Syeikh Ibnu ‘Athaillah As-Sakandary berkata, "Manakala
anda terjerumus dalam dosa, janganlah kenyataan itu membuatmu putus asa dalam
meraih Istiqomahmu dengan Tuhanmu. Kadang-kadang, – siapa tahu – itulah akhir
dosa yang ditakdirkan oleh Allah padamu.”
Jadikan keterjerumusan itu sebagai pintu taubat dan inabah demi beharap
kepada Allah Ta’ala, sekaligus sebagai pintu khauf (rasa takut) kepadaNya.
Sebab putus asa terhadap rahmat Allah itu bentuk tipudaya yang gelap, bahkan
syetan harus berputus asa karena tidak mampu memperdayai anda dibalik tindakan
dosa itu.
Imam Al-Ghazaly ra, menegaskan, “Sebagaimana dosa merebut anda, dan kembali
kepada dosa sebagai aktivitas anda, maka jadikanlah taubat dan kembali
kepadaNya sebagai aktivitas. Karena orang yang beristighfar tidak akan
mengulang-ulang dosanya, walau ia mengulang tujuhpuluh kali setiap harinya.”
Kita bisa mengambil pelajaran dari Fir’aun, yang dosanya benar-benar
memuncak dan paling besar, toh Allah Ta’ala masih memerintahkan kepada
Nabi Musa as dan Nabi Harun as, “Katakan padanya dengan kata-kata yang
lembut, siapa tahu ia bisa tersadarkan atau ia memiliki rasa gentar dan takut
(Kepada Allah SWT).” (Thaha 44)
Betapa banyak orang yang kembali bertobat dan menjadi Istiqomah gara-gara
perbuatan dosanya, dan sebaliknya betapa banyak orang yang akhirnya malah
maksiat gara-gara ibadahnya, dimana ia bangga dengan prestasi amal ibadah, lalu
takjub pada diri sendiri, kemudian riya’ dan takabur.
Optimisme pada rahmat dan anugerah Allah Ta’ala harus menjadi titik utama ke
depan. Karena bila manusia bertaubat dengan taubatan Nasuha, malah seluruh
dosanya diampuni.
Tetapi jangan sampai manusia meremehkan perbuatan dosa dengan beralibi,
“Allah Maha Ampun, atau ampunan Allah lebih besar dibanding dosanya, atau apa
artinya dosaku kalau dibanding rahmat Allah….” dst. Yang menggiring seseorang
terbelit dosa terus menerus.
Pandangan Ibnu Athaillah untuk mengingatkan kita agar kita tidak putus asa pada
RahmatNya, bahkan dalam kondisi terpuruk oleh dosa sekali pun.
Allah SWT, justru menghampiri kepada para pendosa agar kembali kepadaNya,
karena dibalik “kembali” itu ada “cinta” yang begitu agung dariNya. Cinta itu
sangat luhur dan besar nilainya disbanding apa pun. “Sesungguhnya Allah
mencintai orang-orang yang taubat.” Begitu ditegaskan dalam Al-Qur’an.

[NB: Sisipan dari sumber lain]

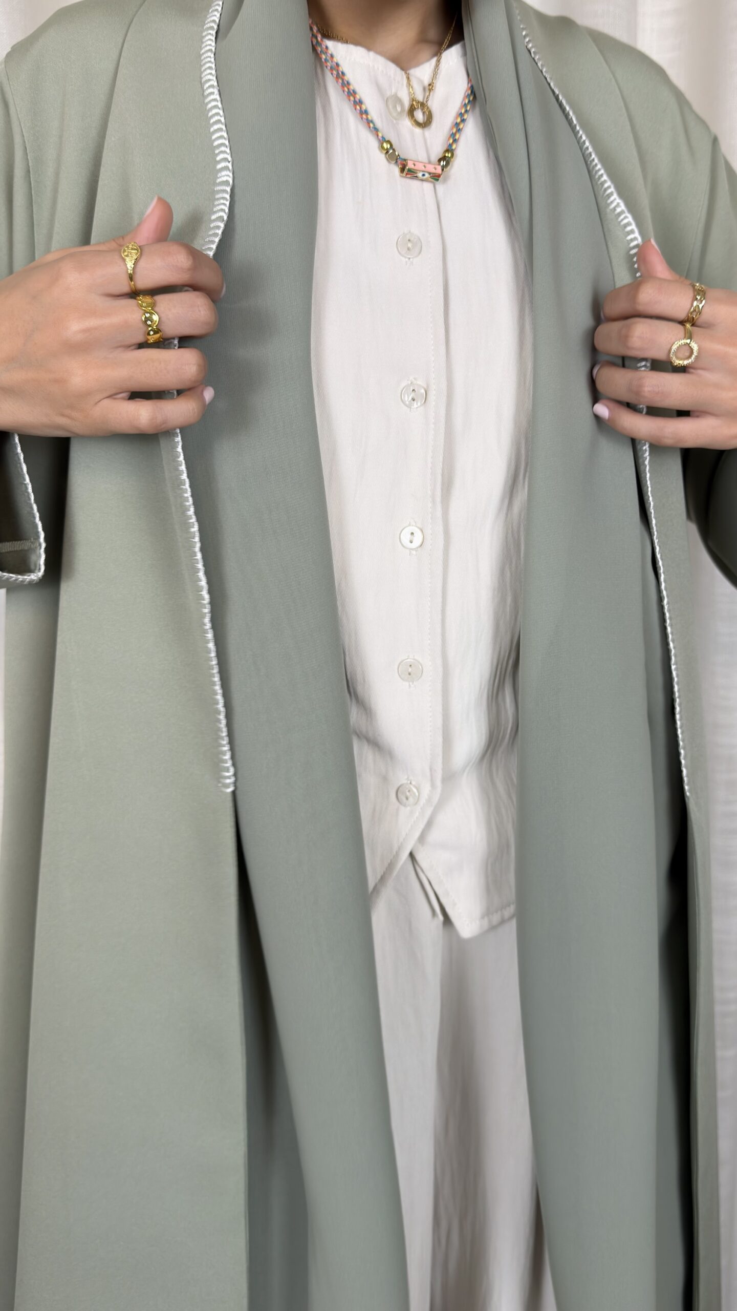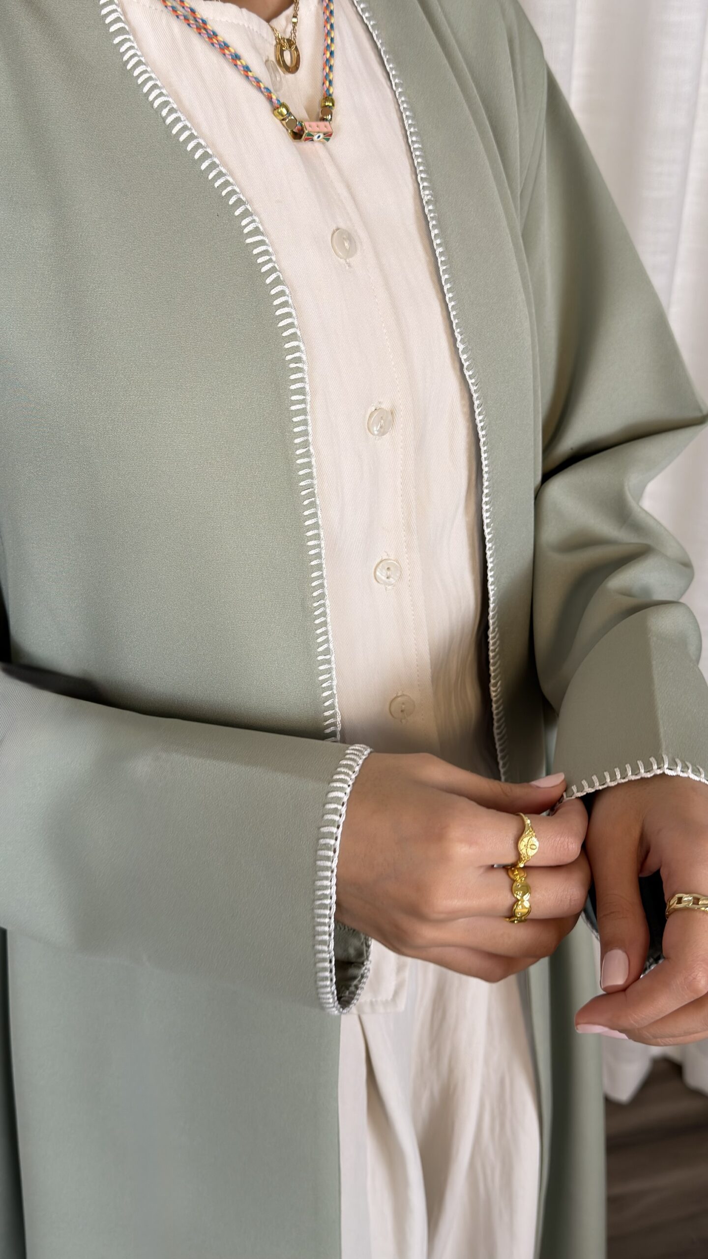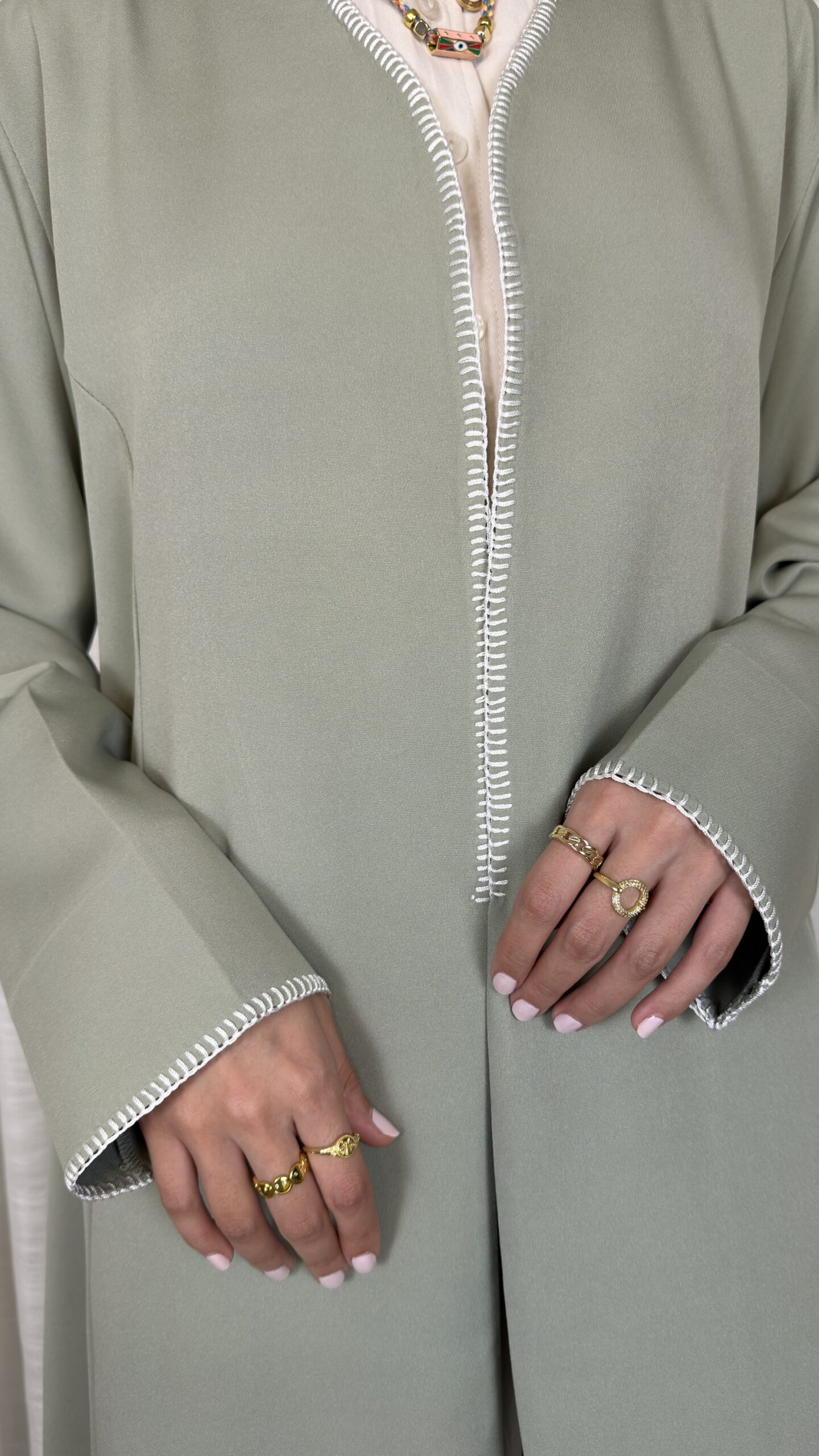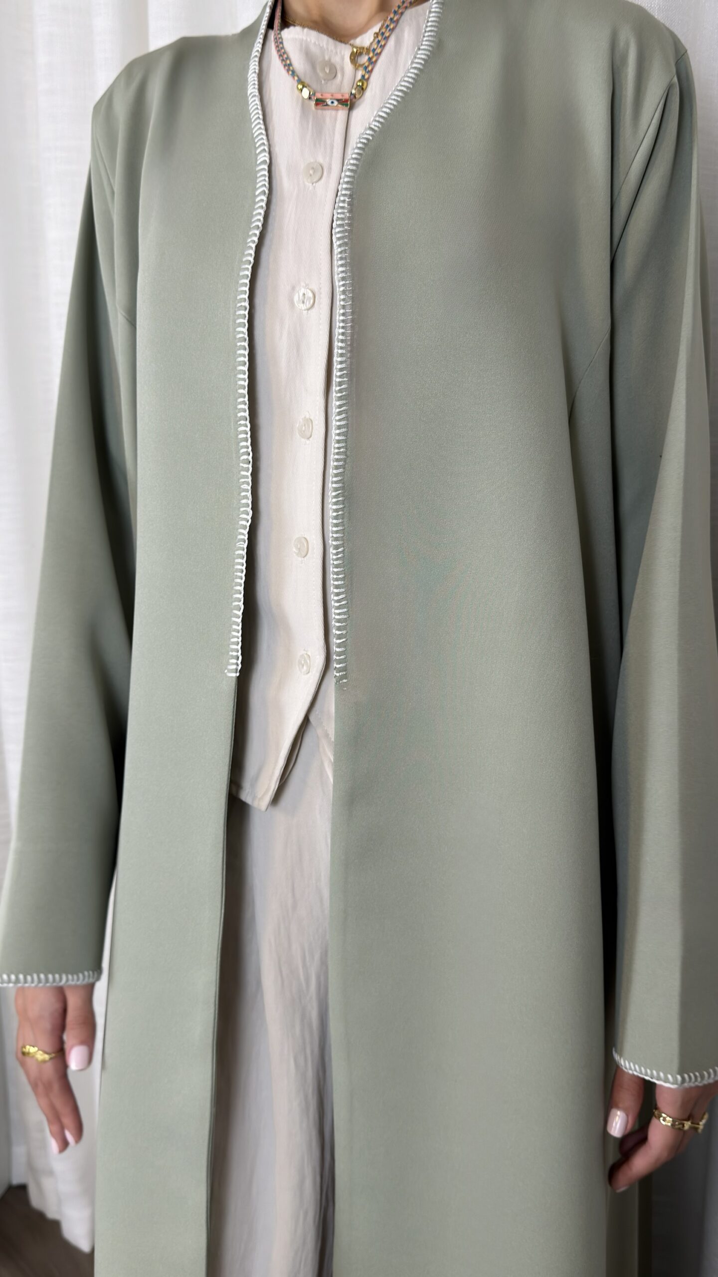- Hand-stitched detailing on edges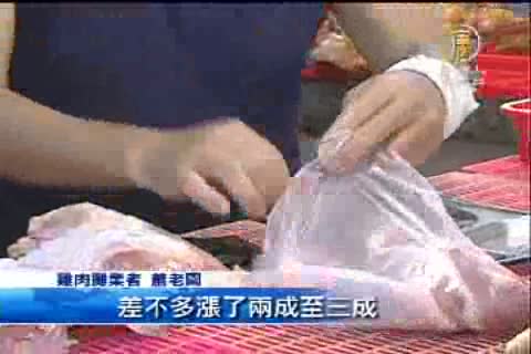 「差不多漲了兩成至三成,現在(土雞)一斤差不多一百塊(錢)左右,本來是差不多七、八十塊(錢)左右,所以漲了差不多三成,今年特別貴。」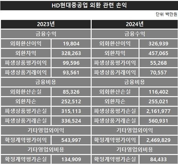 HD현대중공업 관계자는 “불확실한 대내외 환경을 고려해 환헤지 전략을 통해 외화 변동 리스크에 대응하고 있다”고 밝혔다.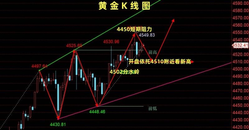 现货黄金: 消息面:周五(12月26日)在紧张的地缘政治局势推动下,黄金价格持续攀升,避险资产吸引力进一步增强,在2025年年末始终维持强劲的多头走势,现货黄金逼近4550美元/盎司,创历史新高,尾盘最终报收4533.34美元/盎司,涨幅1.19%,周线上涨4.49%。在市场押注美联储2026年继续降息、美元走弱以及地缘紧张局势升温的背景下,避险资金持续涌入,推动贵金属在年末流动性偏薄的环境中加速上涨。分析人士指出,此轮涨势不仅是传统避险交易的延续,更体现出在去美元化与供应结构紧张背景下,硬资产配置需求的全面抬升。 技术面:从周六凌晨收盘走势来看,黄金下探4510后迅速反弹,冲高4550后小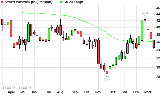 Mit dem Rücksetzer auf 34,60 EUR hat die SMURFIT WESTROCK-Aktie am 13.03.2026 die 200-Tage-Linie nach unten gekreuzt.Die SMURFIT WESTROCK-Aktie befand sich seit dem 10.03.2026 ...weiterlesen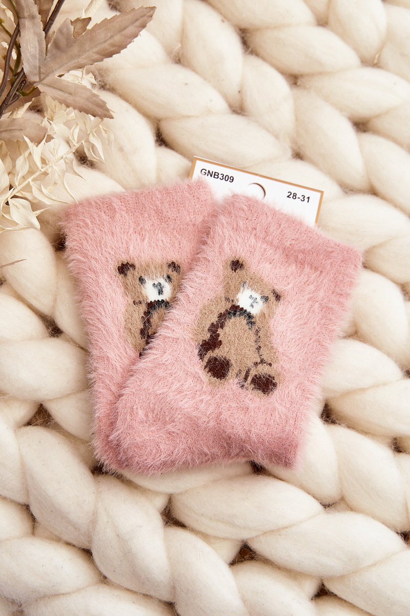 Detské Chlpaté Ponožky s Medveďom Ružové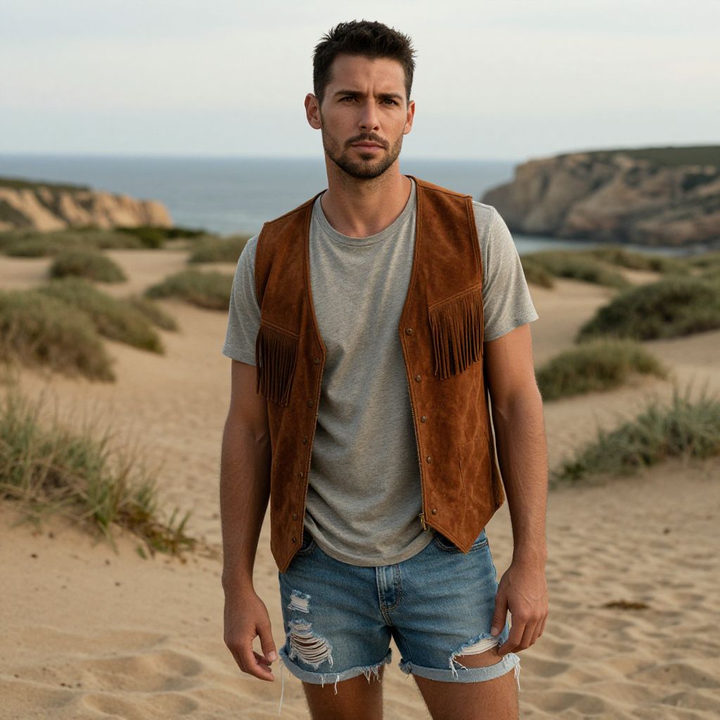 "a man, vintage band tee, distressed denim cutoffs, fringed suede vest, earthy tones, relaxed fit, sandy bunkers, dramatic cliffs, panoramic ocean views, medium format film, contemplative expression. Man has masculine face and piercing eyes"
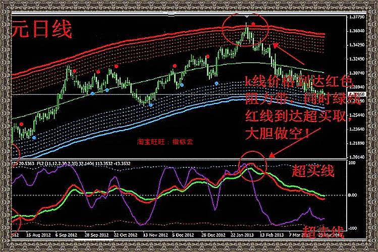 2.开仓做空条件:k线价格必须到达红色阻力带区,出现红色圆点,同时,还要满足下面的红线 绿线到达超买线。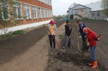 Мәктәп бакчасында язгы эшләр дәвам итә.
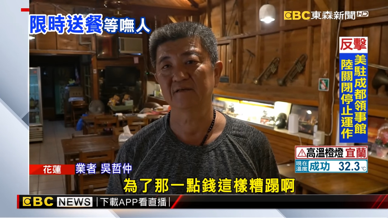 吳先生表示,他在大太陽下站了20多分鐘才離開,沒想到回店內竟突然接到該名客人的電話,還要求再送一次,讓他氣得吸收損失,怒回「我不送了,沒有必要為了這一點點這樣糟蹋啊!」

Bahkan di awal kitab Al-Hikam ini disebutkan, “Tanda-tanda manusia
bergantung dan mengandalkan amalnya, adalah kehilangan harapan (terhadap rahmat
Allah) ketika berbuat dosa.”
Rasa kehilangan akan harapan ampunan dan rahmat adalah bentuk pesimisme yang
berbahaya, karena pada saat yang sama seseorang tidak menggantungkan diri pada
Sang Pencipta Amal, malah menggantungkan pada amal itu sendiri yang diklaim
sebagai perbuatannya.
Padahal amal baik tidak menjamin seseorang masuk syurga, dan amal buruk
tidak otomatis seseorang pasti masuk neraka. Masuk neraka itu semata karena
keadilan Allah, dan masuk syurga karena rahmat dan ridhoNya.
Bila anda meraih rahmat dan ridhoNya, maka taat dan kepatuhan anda sebagai
tanda memang anda ditakdirkan masuk syurga. Sedangkan bagi mereka yang
mendapat keadilan Allah SWT, (na’udzubillahi min dzaalik) seseorang ditandai
dengan berbuat maksiat dan menuruti nafsunya belaka di dunia.